Я оставил уже где-то на дороге, где-то недалеко от Мценска или от Орла мысль о любви крестьян к земле, похожей на любовь к жене или давней "полюбовнице". Возможно, есть нечто похожее в нашей любви к существу, патетически именуемому "родина", к чему-то сложному, вроде бы неосязаемому, вроде бы несуществующему, и вместе с тем сущему и даже вездесущему. Похожее, с той только разницей или добавкой, что любовь эта - к жене или к женщине неверной, темной и коварной. К жене, которую иной раз хочется ударить, выкричаться на нее, удержать, поправить. От которой временами просто необходимо сбежать, или затеять флирт, или даже роман с другой - неведомой и поначалу всегда хорошей... Но от которой все-таки невозможно уйти, потому что вы связаны тысячей видимых и невидимых нитей и потому что в этом переплете неясно, где кончаешься ты и где начинается она. Я не верю в мистику Родины так же, как не верю в мистику Любви. Но этот переплет, эту насыщенную кровеносными сосудами и нервными нитями пуповину, через которую мы приобщаемся к жизненной плазме, какой бы космической она ни была сама по себе, можно оборвать только после нашего второго (третьего) космического рождения. И все эти конвульсии, все эти попытки понять, повернуть, натянуть, укоротить, удлинить - это муки рождения, которое неизвестно, состоится или нет.
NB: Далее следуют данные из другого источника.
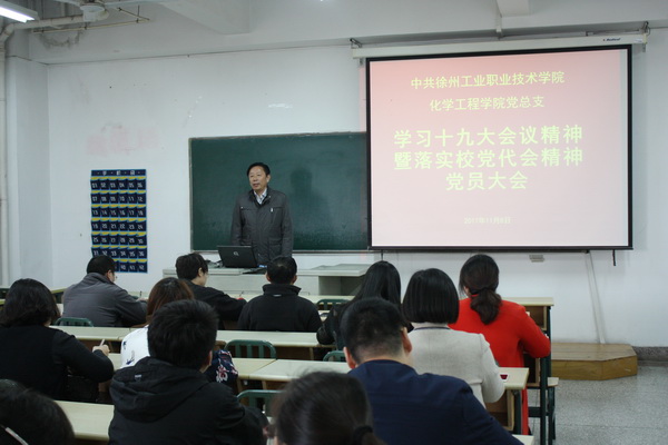11月8日下午,化工党总支召开全体党员大会,集中学习十九大修正后的《中国共产党章程》,促进学院第二次党代会工作目标的进一步落实,大会由党总支书记季剑波主持。

И дергающаяся эта, закручивающаяся и раскручивающаяся кровоточащая пуповина и есть наша мучительная гражданская любовь. "Видно, крепко я привязан - не уйти!".
Разумеется, в такой любви мало сантиментов, но, слава богу, она свободна и от пошлости, от дешевого и недешевого умиления, от всех этих казенных императивов: надо любить, надо ненавидеть; от "розовых зернышек тмина" в корочке черного хлеба. Мы вообще не склонны даже сами себе признаваться в том, что же это еще, если наши мысли, наши тревоги, наши дерганые-передерганые чувства непрестанно возвращаются то к одному, то к другому в этом сложном существе, если оно доводит нас до исступления, до отвращения и все же не дает нам ни на минуту забыться, уснуть, уйти, даже там, на "чужбинах", даже при прорыве в космос. Но как и водится у неверных жен, она все время темнит, ускользает. Чем больше узнаешь о ней, тем менее она понятна и тем сильнее ревнивое стремление выпытать, разглядеть, какая же она есть на самом деле и почему такая. В распутывании дорожных клубков, в этом блуждании ощупью по телу страны, в ее чувственном созерцании наталкиваешься на множество вопросов, полувопросов, предвосхищений вопросов. На многое такое, что тянет в историческое прошлое и в географию, психологию, эстетику. Но здесь, в четырех стенах, как бы наедине с собой, прежде всего испытываешь сверление более простых забот: а что собственно происходит? И временами проступают видения.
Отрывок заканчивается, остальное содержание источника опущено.